Harga minyak mentah ditutup melemah pada Jumat (15/11/2024) setelah mencatat kenaikan selama tiga hari berturut-turut.
Potensi Rebound Harga Minyak Mentah Dunia. (Foto: Freepik)
IDXChannel - Harga minyak mentah ditutup melemah pada Jumat (15/11/2024) setelah mencatat kenaikan selama tiga hari berturut-turut, dipicu oleh tanda-tanda lemahnya permintaan dari China dan kenaikan stok minyak di Amerika Serikat (AS) pekan lalu.
WTI crude untuk pengiriman Desember turun USD1,68, berakhir di USD67,02 per barel pada Jumat.
Sementara itu, Brent crude untuk pengiriman Januari, yang menjadi acuan global, turun USD1,42 ke USD71,14 per barel.
Selama pekan lalu, kedua kontrak minyak acuan tersebut merosot 4 persen.
Secara teknikal, dalam grafik harian, futures Brent saat ini berada di area support 70,65-70,00 dengan resistance terdekat di 72,00-73,00.
Sedangkan, futures WTI melayang di kisaran level support 66,00-65,00. Level resistance terdekat untuk minyak WTI berada di 67,00-67,50.
Sebelumnya, China kembali melaporkan penurunan pengolahan minyak di kilangnya selama Oktober, menunjukkan permintaan dari importir terbesar dunia itu terus melemah seiring perlambatan ekonominya.
PVM Oil Associates mencatat, dikutip MT Newswires, Jumat (15/11), "China memberikan pengingat yang tepat waktu tentang kondisi sebenarnya di sektor minyaknya. Pengolahan kilang negara itu turun untuk bulan ketujuh berturut-turut pada Oktober."
“Meski penjualan ritel stabil bulan lalu, pertumbuhan output industri China melambat, yang berdampak negatif pada kebutuhan minyak mentah impor,” katanya.
Penurunan harga minyak ini juga mengikuti laporan stok minyak AS dari Energy Information Administration (EIA) pada Kamis, yang menunjukkan kenaikan lebih besar dari perkiraan, yakni 2,1 juta barel.
Baik EIA maupun International Energy Agency (IEA) pekan lalu memperingatkan, pasokan diperkirakan akan surplus pada kuartal II-2025.
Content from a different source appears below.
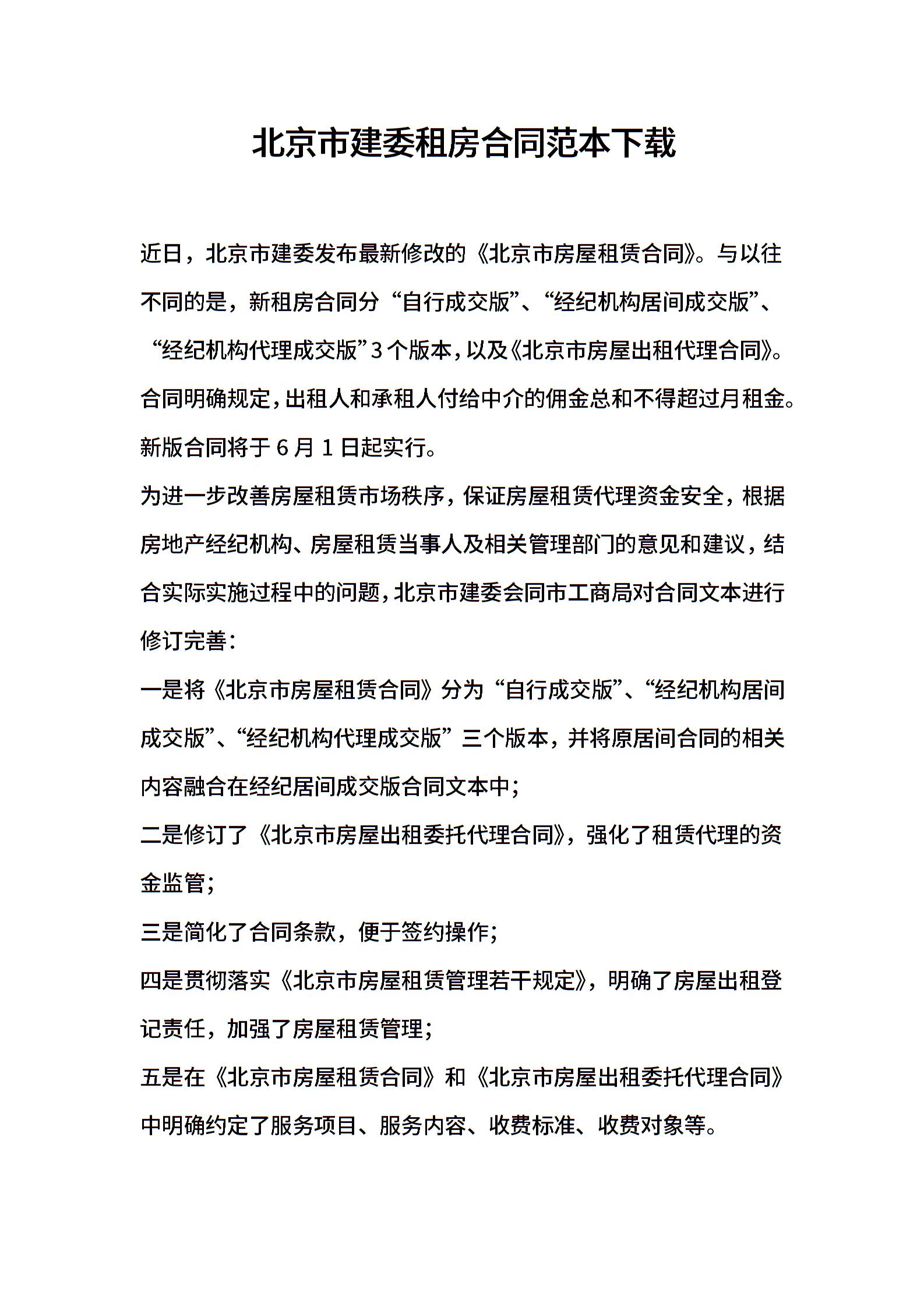2021年北京市建委租房合同范本下载

Hal ini didorong oleh kenaikan produksi di tengah lemahnya permintaan akibat perlambatan ekonomi China dan meningkatnya pangsa pasar kendaraan listrik.
Futures WTI mencatat pelemahan mingguan, juga dipicu kekhawatiran potensi peningkatan produksi minyak AS di bawah pemerintahan baru Donald Trump.
Penguatan dolar AS turut menjadi beban bagi harga minyak mentah, mengingat komoditas ini dihargai dalam dolar, sehingga daya tariknya berkurang.
Data ekonomi yang dirilis baru-baru ini menunjukkan perekonomian Negeri Paman Sam tetap tangguh, yang dapat membuat Bank Sentral AS Federal Reserve (The Fed) memperlambat penurunan suku bunga dibandingkan ekspektasi sebelumnya.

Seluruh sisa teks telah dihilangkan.